Exercise:
Your task is to copy the listing exactly. Drop any pictures from the copy.

Data to examine:
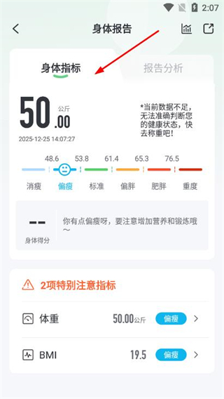 3、记录后可进入身体报告页面,查看体重、BMI等身体指标分析。
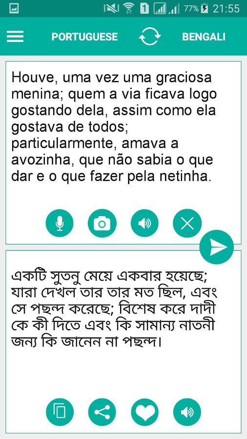 Бонусная функция — выучите и освоите произношение, поскольку бенгальский португальский переводчик имеет встроенную звуковую функцию. Слушайте переведенный текст и общайтесь с друзьями, подругами, парнями, членами семьи или туристами.
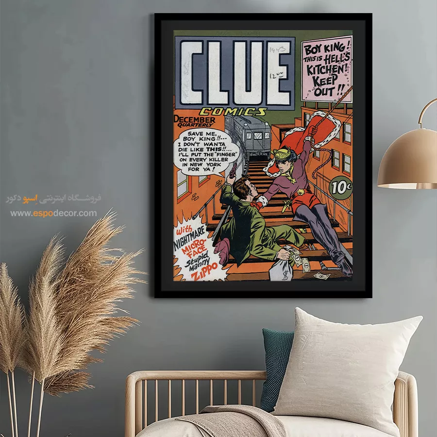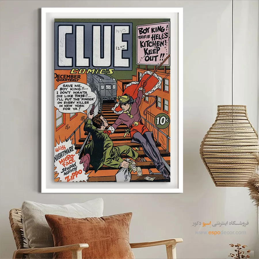 یک قاب از دنیای خیال؛ تابلو بوم مجله کمیک، تلفیقی از رنگ، روایت و شخصیت. جلد مجله هایی که بر دیوار جان میگیرند؛ مناسب برای آنان که با قهرمانان، بزرگ شدهاند.
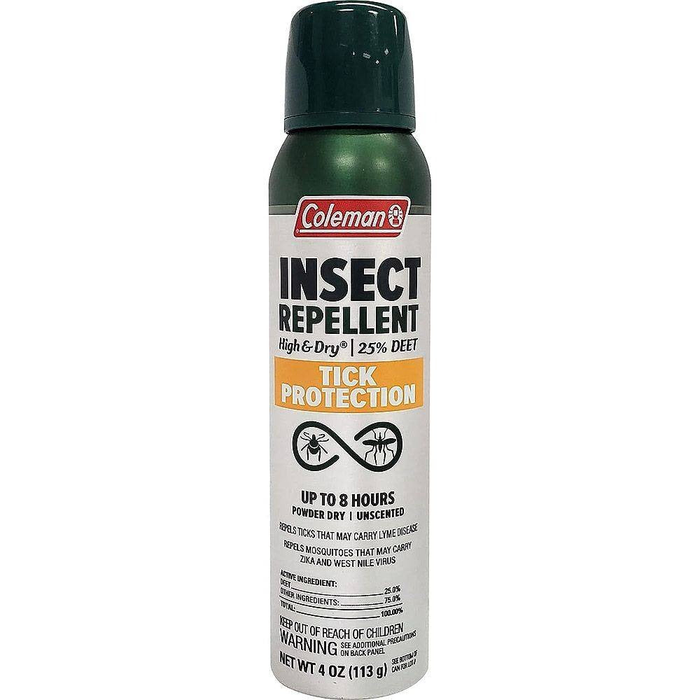 Feel comfortable while keeping insects away with Coleman Tick Protection Dry Formula 25% DEET Insect Repellent. Formulated with 25% DEET, this insect repellent spray repels ticks that may carry Lyme disease and mosquitoes that may carry West Nile virus. This unscented insect spray gets tough on bugs without an overwhelming smell. Made with a powder dry formula, this non greasy and non oily bug spray with DEET feels comfortable on your skin. This tick repellent for people offers up to 8 hours of mosquito and tick repellent protection and comes in a convenient spray can for easy use. Keep this DEET bug spray on hand for camping, hiking, hunting and other outdoor adventures. Shake well before using this tick spray for humans.
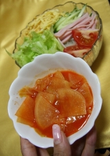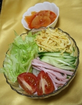 ちょっと珍しい野菜(ヤーコン)を麺に練りこんで作った『ヤーコン冷麺』。ヤーコンの甘味を感じるコシのある麺に、酸味のきいたさっぱりのスープ、特製の大根キムチが食欲をそそる。
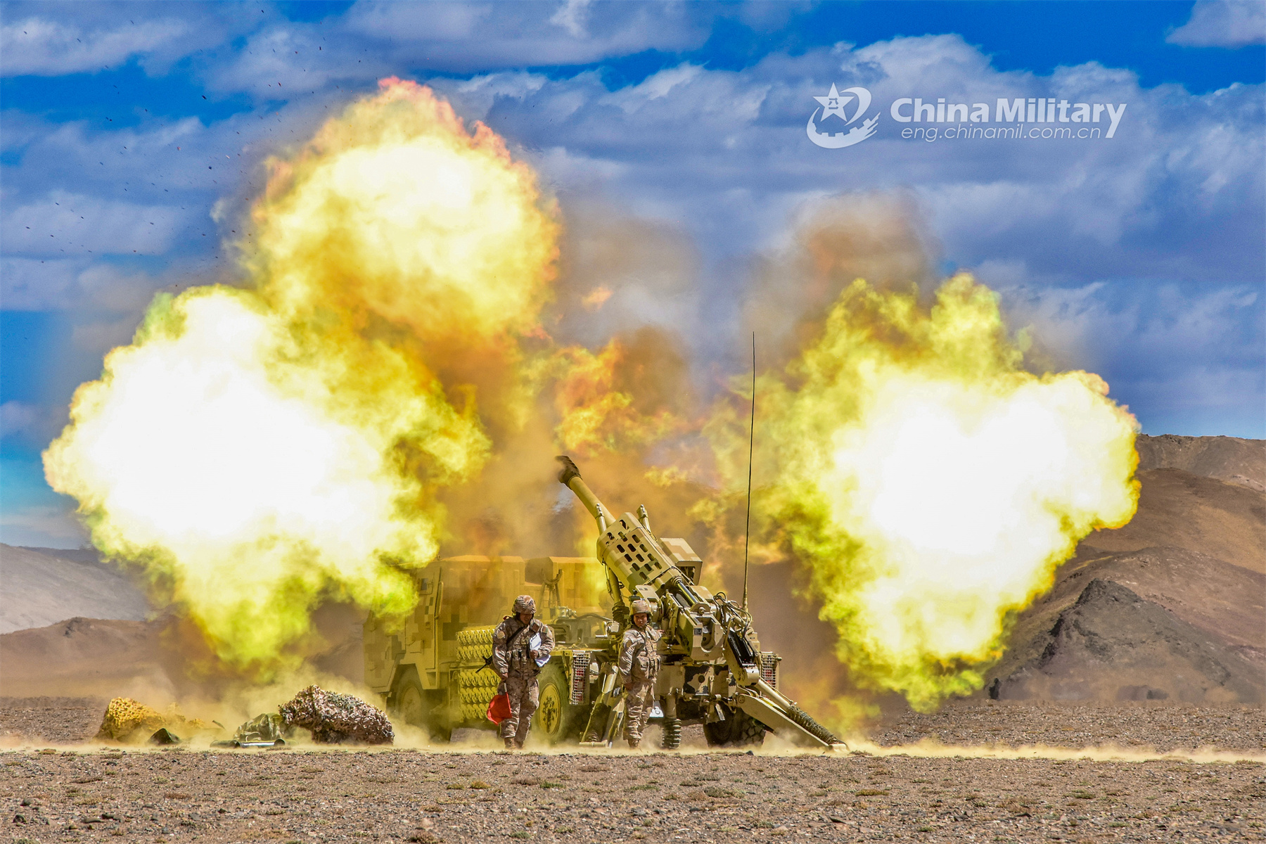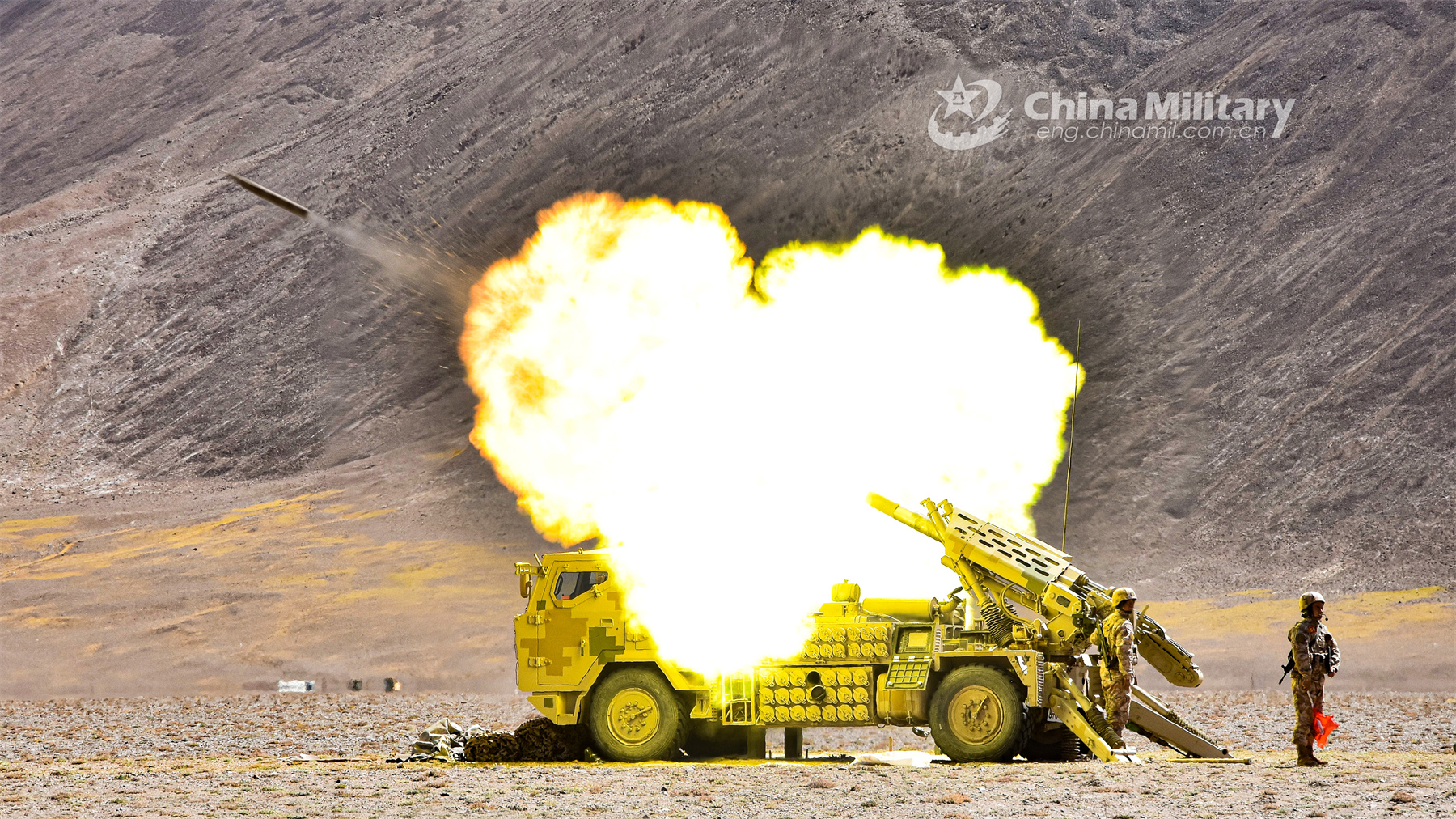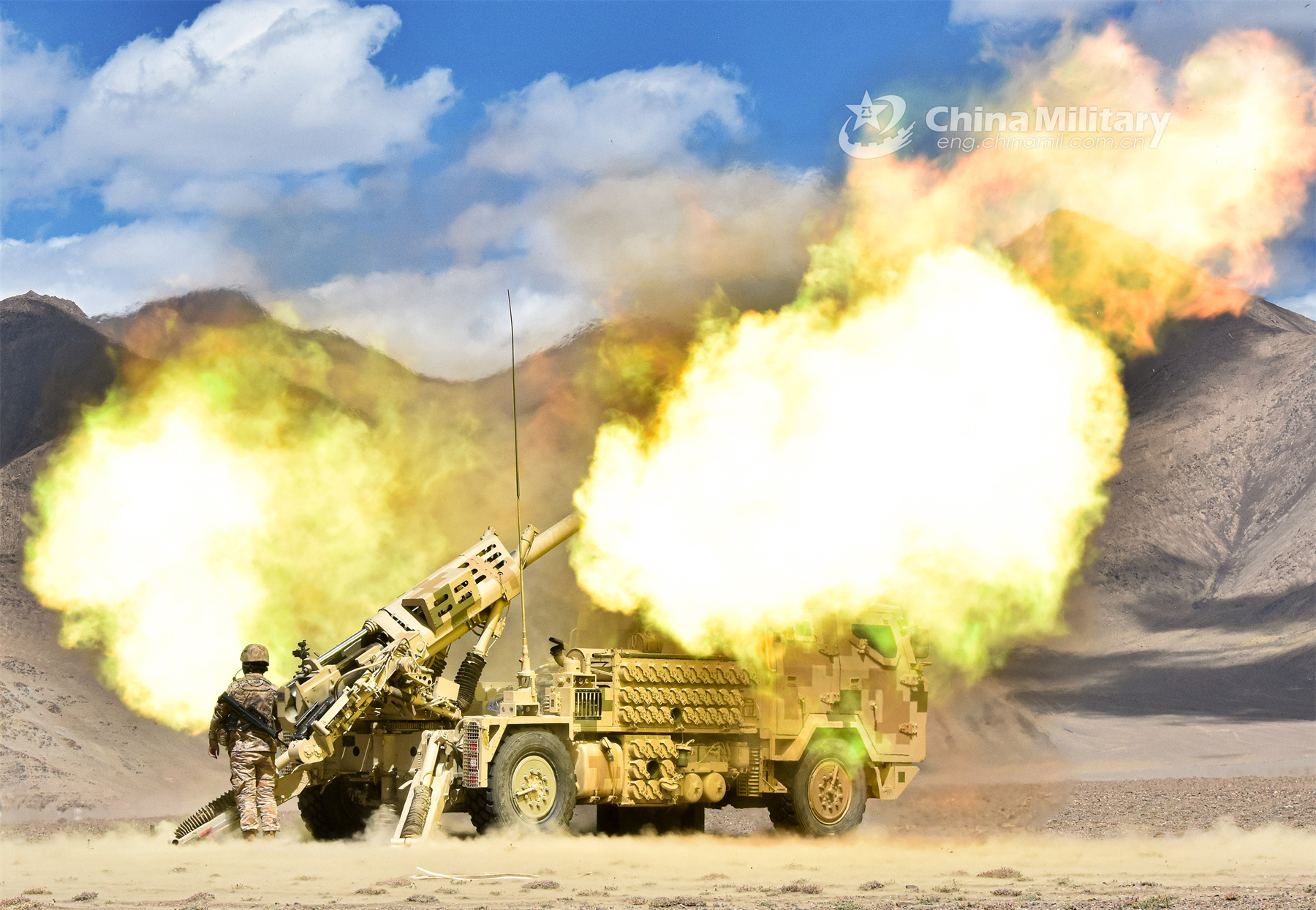 A vehicle-mounted howitzer attached to a combined-arms battalion with the army under the PLA Xinjiang Military Command fires at mock targets in a live-fire assessment in mid-November. (eng.chinamil.com.cn/Photo by Huang Di)
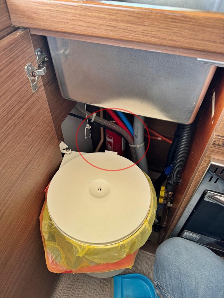 To empty the black water tanks, the inspection flap in the shower must be opened. Behind it are the valves for the black water tanks. Please note that the black water tanks must be empty when returning to the marina. -INFORMATION-
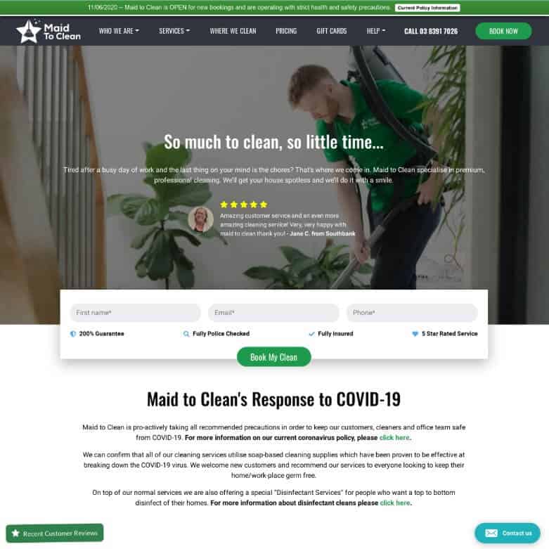 Even better, Maid To Clean has a customisable payment rate based on either time or results, while also taking the stress out of booking services through their industry-leading booking system.
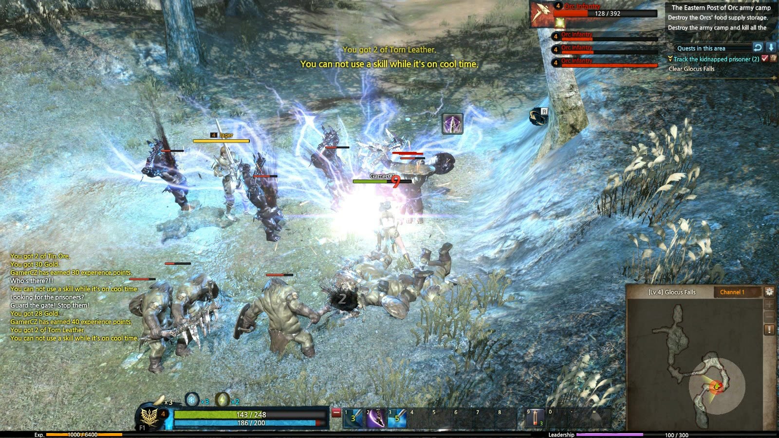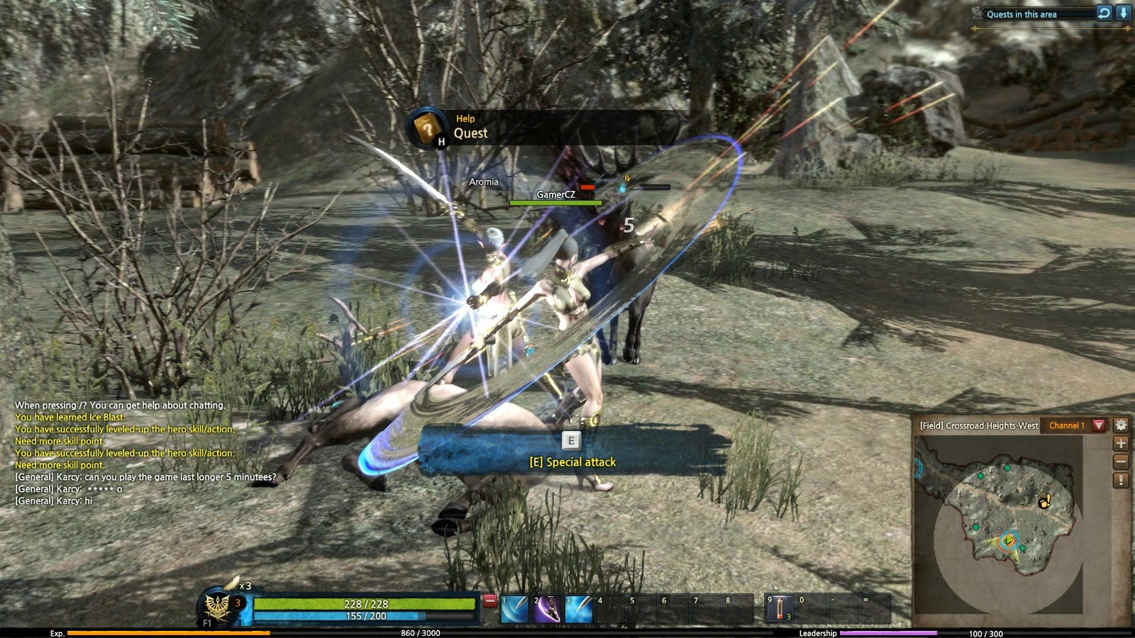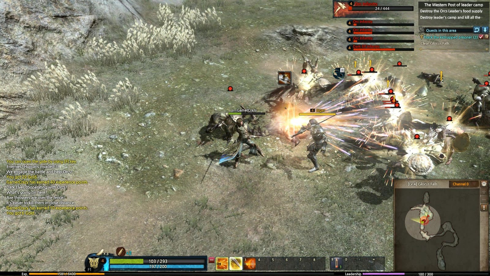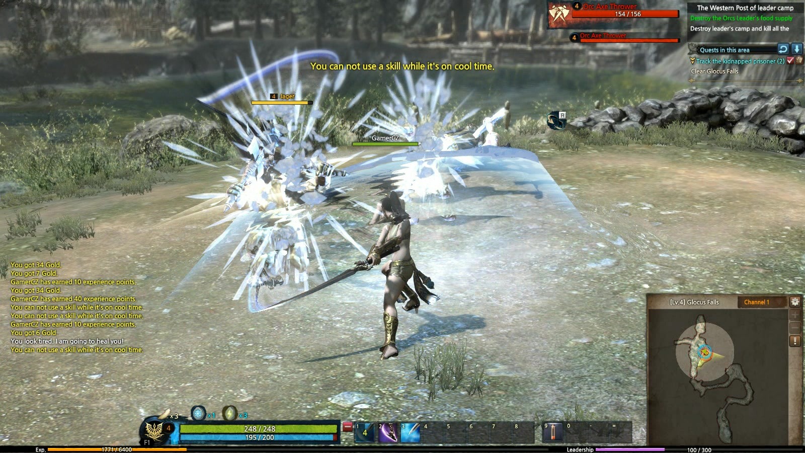 當敵人倒地或是震暈的時候,按下 E 鍵就可以發動倒地攻擊或是追擊,追擊的攻擊方式會依職業而有所不同,像「Gunslinger」就是連續快速開槍射擊,而「Spellsword」則是凍結敵人;R 鍵可以施展英雄的特殊技能。以「Spellsword」為例就是依照目前累積的符文種類和數量,施展出各種不同效果的法術或攻擊。
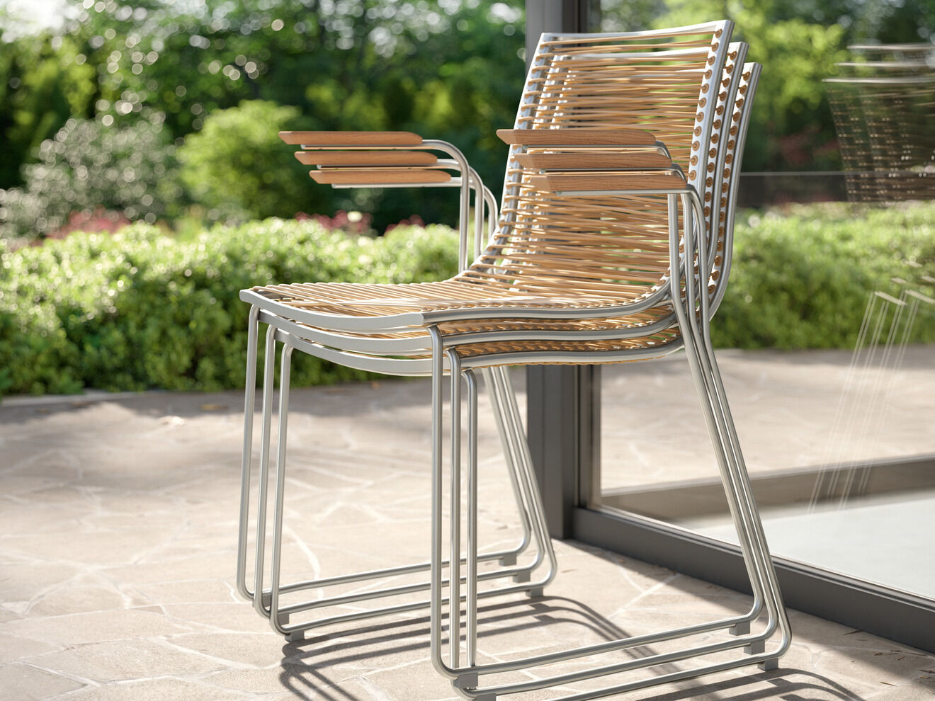 They combine lightness with stability and purism with comfort. For the covering, high-quality synthetic cords are threaded through decorative eyelets in the stainless steel frame. The flexible lacing, that appears almost three-dimensional, aligns perfectly with the contours of the body and retains its shape even under constant strain. Pan chairs are available in the colours White, Brown and Graphite, with and without armrests. They are all easy to stack.
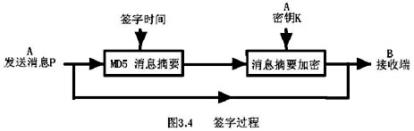 首先A將消息P與簽字時間拼接,形成新用于驗證發送消息的信息,在經過MD5雜湊算法計算出消息摘要,成為用于驗證消息時的消息指紋。同時A使用自己的密鑰K對該消息進行加密后連同原P消息一同發送給B。完成對消息簽字的過程。
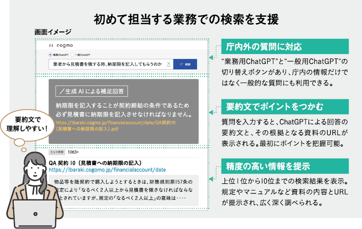 同サービスでは、庁内システムの各所に散在するドキュメントから必要な情報を集約して活用できる。さらに根拠資料検索機能と回答文生成機能が付いているため、職員の質問に対して、法令、国からの通知、業務マニュアルなどから関係する箇所を探し、分かりやすく回答してくれるという。検索結果の画面には、回答の要約文と参照した資料のURLが表示される。「職員は何をするにも根拠が必要なので、すぐに資料を確かめられるのは便利ですね。URLから直接、資料の該当ページへ飛べるため、調べる時間が大幅に減少しました」と稲垣さん。

Answer for the task:
 3、记录后可进入身体报告页面,查看体重、BMI等身体指标分析。
 Бонусная функция — выучите и освоите произношение, поскольку бенгальский португальский переводчик имеет встроенную звуковую функцию. Слушайте переведенный текст и общайтесь с друзьями, подругами, парнями, членами семьи или туристами.
 یک قاب از دنیای خیال؛ تابلو بوم مجله کمیک، تلفیقی از رنگ، روایت و شخصیت. جلد مجله هایی که بر دیوار جان میگیرند؛ مناسب برای آنان که با قهرمانان، بزرگ شدهاند.
 Feel comfortable while keeping insects away with Coleman Tick Protection Dry Formula 25% DEET Insect Repellent. Formulated with 25% DEET, this insect repellent spray repels ticks that may carry Lyme disease and mosquitoes that may carry West Nile virus. This unscented insect spray gets tough on bugs without an overwhelming smell. Made with a powder dry formula, this non greasy and non oily bug spray with DEET feels comfortable on your skin. This tick repellent for people offers up to 8 hours of mosquito and tick repellent protection and comes in a convenient spray can for easy use. Keep this DEET bug spray on hand for camping, hiking, hunting and other outdoor adventures. Shake well before using this tick spray for humans.
 ちょっと珍しい野菜(ヤーコン)を麺に練りこんで作った『ヤーコン冷麺』。ヤーコンの甘味を感じるコシのある麺に、酸味のきいたさっぱりのスープ、特製の大根キムチが食欲をそそる。
 A vehicle-mounted howitzer attached to a combined-arms battalion with the army under the PLA Xinjiang Military Command fires at mock targets in a live-fire assessment in mid-November. (eng.chinamil.com.cn/Photo by Huang Di)
 To empty the black water tanks, the inspection flap in the shower must be opened. Behind it are the valves for the black water tanks. Please note that the black water tanks must be empty when returning to the marina. -INFORMATION-
 Even better, Maid To Clean has a customisable payment rate based on either time or results, while also taking the stress out of booking services through their industry-leading booking system.
 當敵人倒地或是震暈的時候,按下 E 鍵就可以發動倒地攻擊或是追擊,追擊的攻擊方式會依職業而有所不同,像「Gunslinger」就是連續快速開槍射擊,而「Spellsword」則是凍結敵人;R 鍵可以施展英雄的特殊技能。以「Spellsword」為例就是依照目前累積的符文種類和數量,施展出各種不同效果的法術或攻擊。
 They combine lightness with stability and purism with comfort. For the covering, high-quality synthetic cords are threaded through decorative eyelets in the stainless steel frame. The flexible lacing, that appears almost three-dimensional, aligns perfectly with the contours of the body and retains its shape even under constant strain. Pan chairs are available in the colours White, Brown and Graphite, with and without armrests. They are all easy to stack.
 首先A將消息P與簽字時間拼接,形成新用于驗證發送消息的信息,在經過MD5雜湊算法計算出消息摘要,成為用于驗證消息時的消息指紋。同時A使用自己的密鑰K對該消息進行加密后連同原P消息一同發送給B。完成對消息簽字的過程。
 同サービスでは、庁内システムの各所に散在するドキュメントから必要な情報を集約して活用できる。さらに根拠資料検索機能と回答文生成機能が付いているため、職員の質問に対して、法令、国からの通知、業務マニュアルなどから関係する箇所を探し、分かりやすく回答してくれるという。検索結果の画面には、回答の要約文と参照した資料のURLが表示される。「職員は何をするにも根拠が必要なので、すぐに資料を確かめられるのは便利ですね。URLから直接、資料の該当ページへ飛べるため、調べる時間が大幅に減少しました」と稲垣さん。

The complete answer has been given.